Impresión artística del Comac C919 en vuelo

Con una capacidad de 168 asientos en clase única, 156 en dos clases, y una autonomía inicial de 4.075 kilómetros, aunque está previsto la construcción de una versión con un alcance de 5.555 kilómetros, el Comac C919 es grosso modo la competencia china del Airbus A320 y del Boeing 737.

El último atranco en su carrera –el primer vuelo estaba inicialmente previsto para 2014 pero el primer prototipo no salió de la factoría hasta noviembre de 2015– es la decisión del fabricante de dejar en tierra los dos prototipos para hacerles algunas modificaciones. Consistirán en reparar el decapado que se ha observado en los timones de profundidad, fabricados en plástico reforzado con fibra de carbono, y en reforzar los flaps.

Los dos prototipos del C919 han volado intermitentemente. El primero, que como decíamos salió de la factoría en en noviembre de 2015, realizó su vuelo inicial en mayo de 2017, pero luego no volvió a volar durante 19 semanas. Según COMAC debido a «trabajos normales de modificación».

El segundo voló por primera vez en diciembre de 2017, aunque en marzo de 2018, estaba siendo sometido a modificacones y estaba previsto que volviera a volar en abril, justo cuando el fabricante decidió acometer los cambios en los timones de profundidad y los flaps.

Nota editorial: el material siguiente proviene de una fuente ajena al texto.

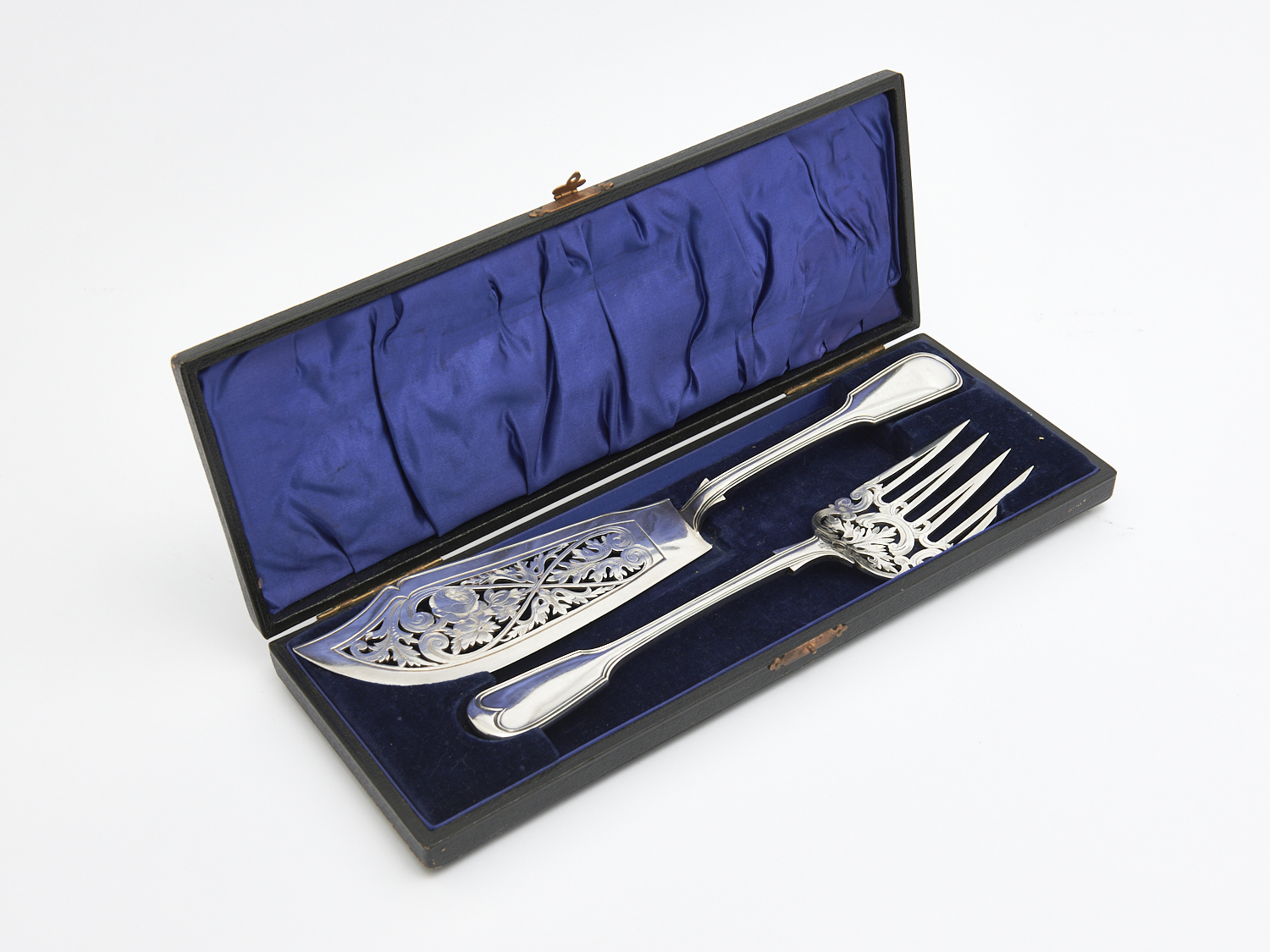 A PAIR OF VICTORIAN PLATED FISH SERVERS BY BARNARD BROTHERS, BOXED L.33.5CM (LONGEST), LEONARD JOEL LOCAL DELIVERY: SMALL
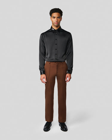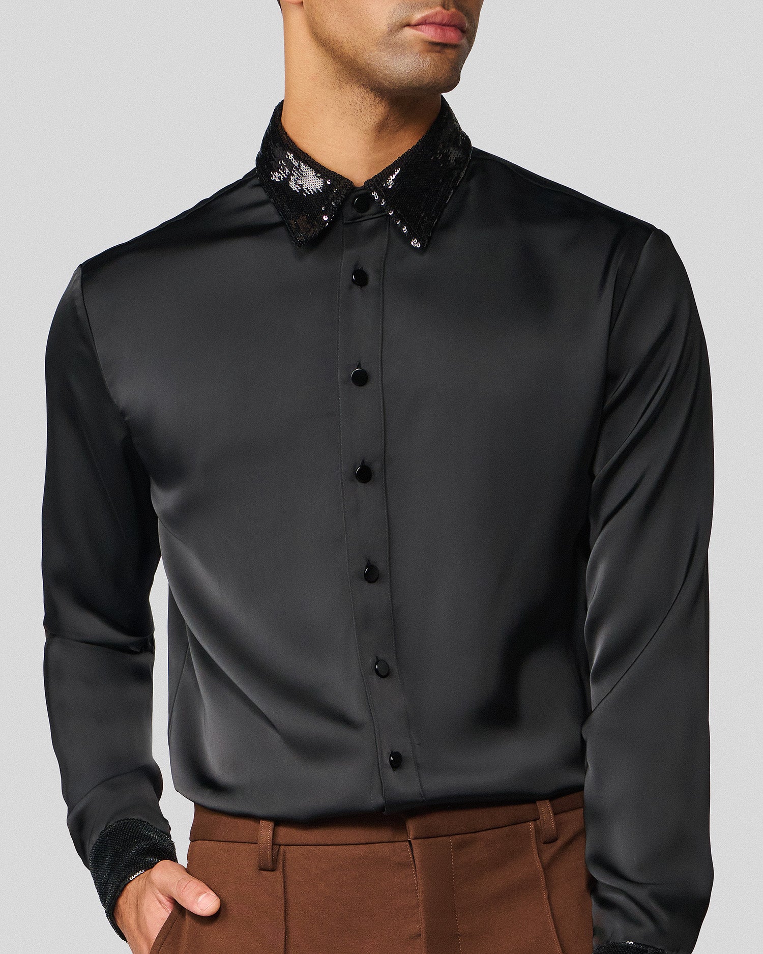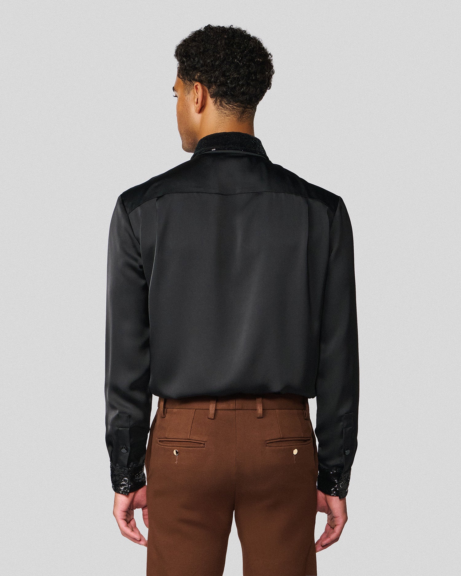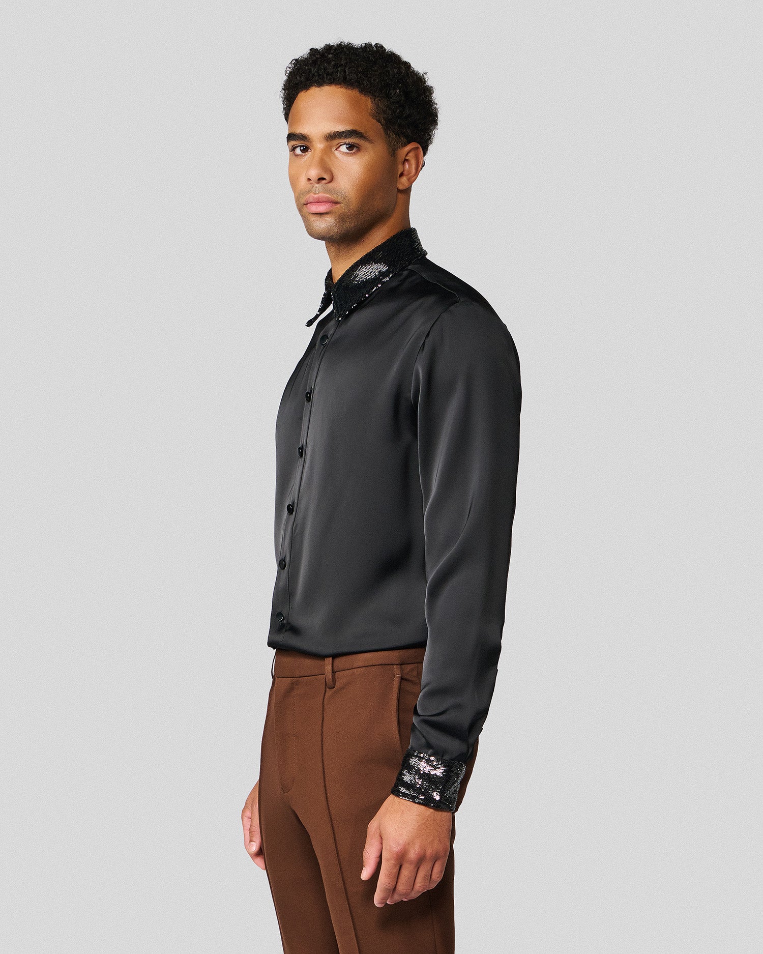 The Ricardo Shirt is a made from sumptuous satin and features a sequin collar and cuffs for a touch of bold elegance.

Aún así Comac dice que siguen contando con obtener la certificación de tipo, un paso imprescindible para su entrada en servicio, en 2020.

El problema es que si el C919 ya no era un avión comparable con las últimas generaciones de sus rivales sino con modelos anteriores estos retrasos juegan más en su contra, pues cuando llegue al mercado el desfase será aún mayor.